Она медленно листала коричневые плотные страницы. Выцветшие фотографии, зажатые полукруглыми уголками, – юные прекрасные лица, вся жизнь, ушедшая и вечно живая, вся с ней…

– Я хочу, чтобы эта карточка была с тобой… – Варвара Петровна медленно, с усилием вынула из альбома небольшую твердую фотографию, протянула внуку. – Это…

– …дедушка? – изумленно произнес Игорь, разглядывая карточку. – Но… эта фотография всегда с тобой, я же помню это с детства…

– А теперь она твоя, – твердо проговорила Варвара Петровна. – Пожалуйста, храни ее… и знай, что дедушкин вечный огонь продолжится… Хорошо?

– Хорошо, – ничего не понимая, кивнул Игорь. – Спасибо, бабушка.

Он чмокнул Варвару Петровну в сухую щеку. А бабка перекрестила его тонким, неуловимым движением…

В подробностях карточку рассмотрели со Светой уже в самолете. Летели в огромном «Ту-114», международный маршрут Москва – Чита – Улан-Батор был полупуст – не больше двадцати пассажиров в салоне. Часовые пояса смещались вместе с самолетом, поэтому все девять часов за иллюминаторами стояла тьма. Сахновский (назначение лейтенанты получили вместе) дрых на заднем ряду, храпел на весь салон.
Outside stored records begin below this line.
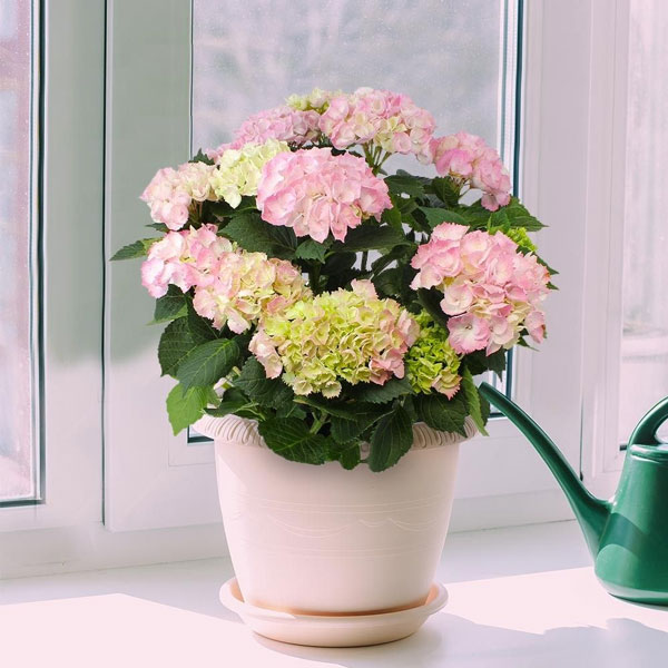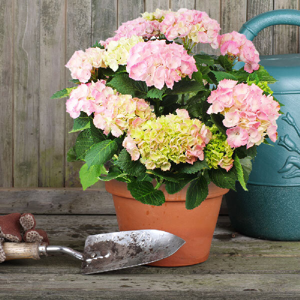 Hortensia rose pâle en pot (le nombre et la taille des têtes d'hortensia peuvent varier).
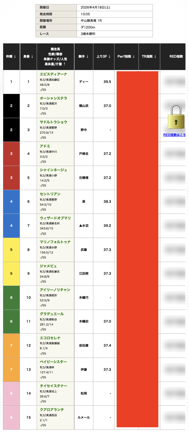 実際に公開されている指数を見ると、「なぜこの馬が来るのか」がしっかり根拠で分かるのが特徴!
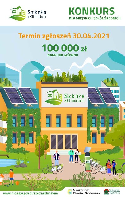 Jeszcze tylko przez 2 tygodnie można zgłaszać projekty konkursowe planu adaptacji do zmian klimatu dla szkoły i jej sąsiedztwa. Zwycięska szkoła może otrzymać aż 100 tys. zł na realizację ekologicznego pomysłu uczniów. „Szkoła z klimatem” to ogólnopolski konkurs Narodowego Funduszu Ochrony Środowiska i Gospodarki Wodnej dla miejskich szkół ponadpodstawowych – jest elementem projektu Ministra Klimatu i Środowiska pn. „Miasto z klimatem”. Młodzieżowa rywalizacja trawa do 30 kwietnia br.
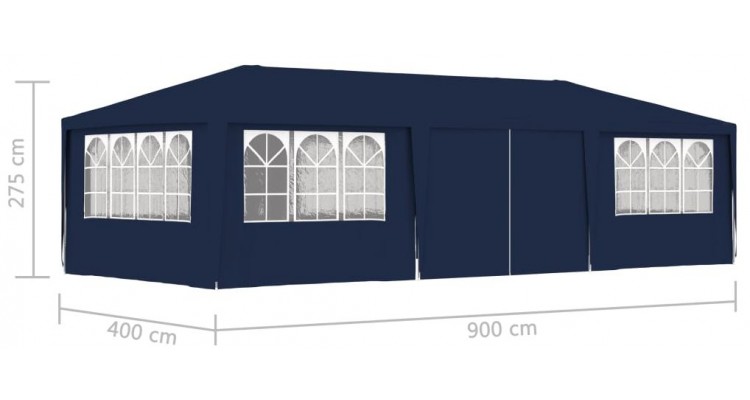Culoare: Albastru Material: 90 g/m² PE (polietilena 100%), otel Dimensiuni: 4 x 9 x 2,75 m (l x ad. x i) Inaltime de la sol la streasina: 2 m Cu pereti laterali Rezistent la apa si la raze UV Materiale de montaj incluse: Da Cortul de petrecere ofera un spatiu minunat in care sa va distrati alaturi de familie si prieteni la o varietate de petreceri si reuniuni in aer liber. Pavilionul de gradina este realizat din polietilena rezistenta la apa si raze UV, fiind foarte practic pentru utilizarea in exterior. Cadrul este fabricat din otel rezistent la rugina, asigurand stabilitate si durabilitate copertinei de exterior. Cortul de petreceri este prevazut cu panouri laterale, fiecare cu ferestre decorative, si cu o usa cu fermoar, pentru acces usor. Pavilionul de gradina este usor de asamblat. NOTA: Acest produs nu trebuie folosit NICIODATA in conditii de vreme rea, precum vant puternic, ploaie abundenta, zapada, furtuna etc.
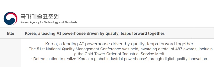 The Korea Agency for Technology and Standards (KATS) and the Korean Standards Association (KSA) held the 51st National Quality Management Conference at COEX in Seoul on November 19,

– Красивый какой… – тихонько проговорила Света, рассматривая фотографию. – Сколько здесь ему лет?

– Столько же, сколько мне сейчас. И звездочек на погонах столько же. Только шашки у меня нет, – вздохнул Игорь.

– Он, кстати, похож на тебя, – заметила жена, прижавшись к плечу мужа. – Глаза похожи, губы и нос.

– Тогда уж я на него похож, – усмехнулся Игорь. – Бабушка этот снимок очень берегла, даже в руки мне его не давала в детстве. Говорила, что это все, что осталось от ее жизни до революции.

И оба замолчали, вглядываясь в фотоснимок, сделанный в невообразимом для них 1913-м. Владимир Игнатьевич, тоненький, будто весь стремящийся вверх, в парадном мундире с пристяжными лацканами, крепко сжимал в руках эфес шашки и пристально смотрел в объектив виленского фотографа, не зная о том, что ждет его впереди, еще ничего не зная…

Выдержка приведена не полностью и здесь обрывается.